専利法第四次改正案が,2019年1月4日に中国全国人民代表大会常務委員会(以下,全人代常委会)より公表され,2019年2月3日まででパブリックコメント募集が実施された。 専利法第四次改正作業は,2011年から開始されており,2015年の専利法改正草案(送審稿)の公表以降の大きな動きとなる。
 本改正案は,全人代常委会によれば,以下3つの観点で作成されている。
  1. 専利権者の合法的な権益に対する保護を強化すること
  2. 専利の実施と運用を促進すること
  3. 専利権付与制度を改善すること

 以下,本改正案における主な改正点を解説する。

1−1.故意侵害の懲罰的賠償制度の導入(第四次改正案第72条,現行専利法第65条)
 米国などでは故意に侵害した場合には懲罰的賠償が認められている。
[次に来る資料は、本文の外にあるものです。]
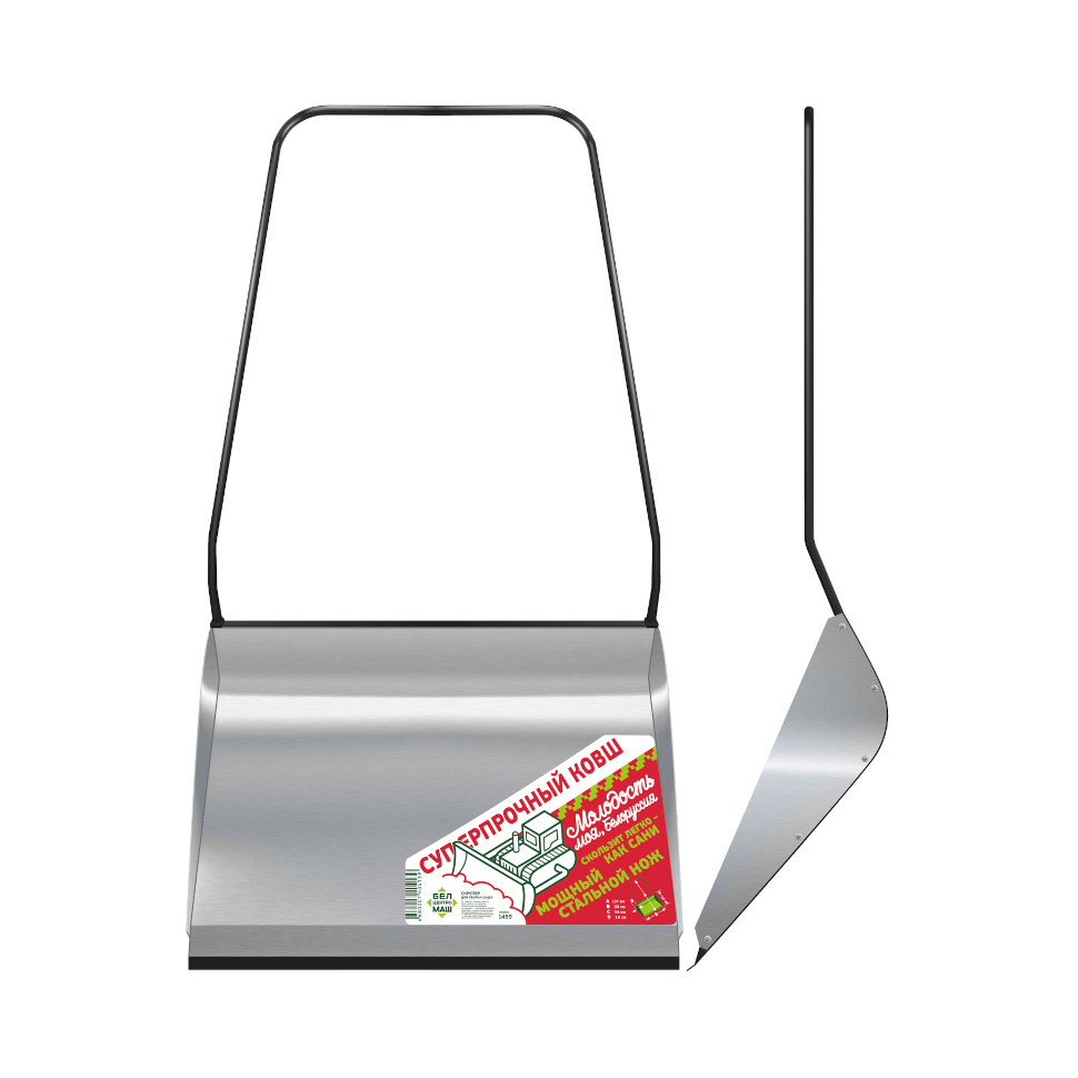 Характеристики Скрепер для уборки снега 800x560x1510мм стальной, П-образная металлическая ручка БЦМ (1459)

本改正案では,専利権による保護の強化を図るため,同様の制度が盛り込まれている。
 米国や2019年7月施行予定の韓国では,損害額の3倍が上限とされているが,本改正案では5倍が上限とされており,先行して導入した他国よりも高い上限となっている。

1−2.法定損害賠償額の引き上げ(第四次改正案第72条2項,現行専利法第65条2項)
 専利権の保護の強化のため,故意侵害の懲罰的賠償制度の導入と共に,賠償金額の計算が困難である場合に人民法院が定めることができる賠償金額が引き上げられている。現行専利法では1 万元〜100万元であったが,本改正案では10万元〜500万元となっている。

1−3.信義誠実の原則・権利濫用の禁止(第四次改正案第20条(新設))
 専利権を濫用して,他人の合法的な権益を害したり,競争を排除,制限したりしてはならないことが明文化された。

1−4.医薬品に関わる専利権の期間延長(第四次改正案第43条2項,現行専利法第42条)
 現行専利法では,権利期間の延長に関する規定が存在しなかった。本改正案では,日本などと同様に,承認審査にかかった期間を補償する目的で導入されている。延長期間は5年以内であるが, 発売後の総有効専利権期間が14年以内を上限とされている。日本とは異なり,中国国内と国外とで同時に医薬品の販売を申請する必要がある。

2−1.開放許諾制度の創設(第四次改正案第50条〜第52条(新設))
 ドイツやイギリスなどでは,特許権者が当該特許権について第三者への実施許諾を拒否しないことを宣言することによって,特許料の減額を受けられる制度(License of Right)が存在している。
 中国でも,特許料の減額の規定は盛り込まれていないものの,類似の制度が導入される。本改正案では,開放許諾とするためには,如何なる第三者への実施を許諾する意思を示すと共に,ライセンス料の 支払い方式・基準を明確にすることが求められる。
 なお,実用新案と意匠については,無審査のため,さらに専利権評価報告書の提出が必要となる。また,開放許諾中は,独占的又は排他的許諾を行うことができない。

3−1.意匠に関する国内優先権の創設(第四次改正案第30条,現行専利法第30条)
 意匠に関する優先権については,外国から中国に優先権を主張する場合にはパリ優先権が認められていた。一方で,国内優先権の制度が存在せず,内外の不平等が生じていた。
本改正案では,国内優先権制度を導入している。後の出願の期限は,パリ優先権と同じく,最初の出願日から6ヶ月以内である。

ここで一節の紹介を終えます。